BEGIN Dataset section
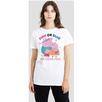 PEPPA PIG TV LADIES T-SHIRT FOR WOMEN: Crafted from premium ringspun cotton, our T-shirts are the epitome of timeless style. Embrace your individuality with a look as distinct as you are. Created for everyday wear, our tees feature a breathable all-season mid-weight weave, ensuring comfort in a versatile tagless design. Beyond ordinary, our short-sleeve tee is built to last. | Hasbro Peppa Pig Family Pink Or Blue We Love You T Shirt, White - Manufacturers part numbers: UKWT2-65-HBRO10599UK|Hasbro_5052777982640
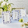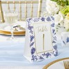 - Blue Willow Wedding Table Numbers have an arrangement of blue motifs around the outer edge with an inner gold foil border and gold foil lettering.
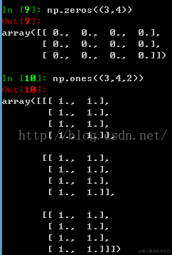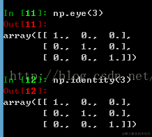 3、使用zeros()、ones()等创建全0或全1数组或eye()、identity()创建单位矩阵
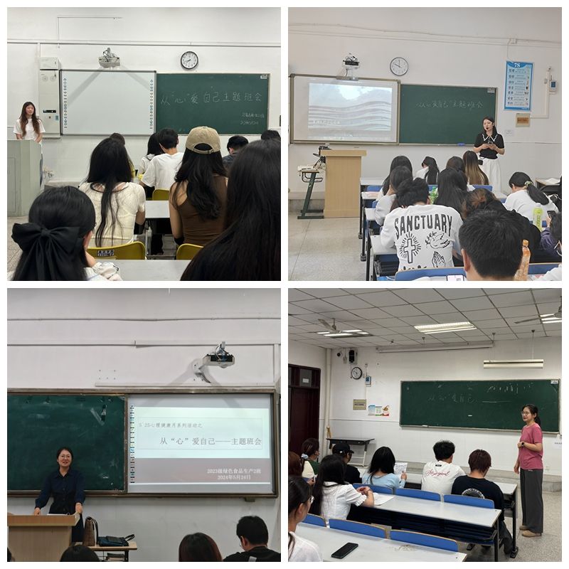5月25日是全国大学生心理健康节,“5·25”谐音“我爱我”,提醒大家“珍惜生命,关爱自己”。食环学院在2024年5·25心理健康月中,精心组织策划并开展了一系列心理活动,吸引全院600余名师生共同参与。通过开展主题班会、写作、黑板报等活动,将德智体美劳相结合,丰富同学们的校园文化生活,提升心理健康素养,增强心理调适能力,关注自己的心理健康和心灵成长,学会关爱自己,关爱他人。
END Dataset section
When you write out the material above, keep every line exact and drop each picture.

 PEPPA PIG TV LADIES T-SHIRT FOR WOMEN: Crafted from premium ringspun cotton, our T-shirts are the epitome of timeless style. Embrace your individuality with a look as distinct as you are. Created for everyday wear, our tees feature a breathable all-season mid-weight weave, ensuring comfort in a versatile tagless design. Beyond ordinary, our short-sleeve tee is built to last. | Hasbro Peppa Pig Family Pink Or Blue We Love You T Shirt, White - Manufacturers part numbers: UKWT2-65-HBRO10599UK|Hasbro_5052777982640
 - Blue Willow Wedding Table Numbers have an arrangement of blue motifs around the outer edge with an inner gold foil border and gold foil lettering.
 3、使用zeros()、ones()等创建全0或全1数组或eye()、identity()创建单位矩阵
5月25日是全国大学生心理健康节,“5·25”谐音“我爱我”,提醒大家“珍惜生命,关爱自己”。食环学院在2024年5·25心理健康月中,精心组织策划并开展了一系列心理活动,吸引全院600余名师生共同参与。通过开展主题班会、写作、黑板报等活动,将德智体美劳相结合,丰富同学们的校园文化生活,提升心理健康素养,增强心理调适能力,关注自己的心理健康和心灵成长,学会关爱自己,关爱他人。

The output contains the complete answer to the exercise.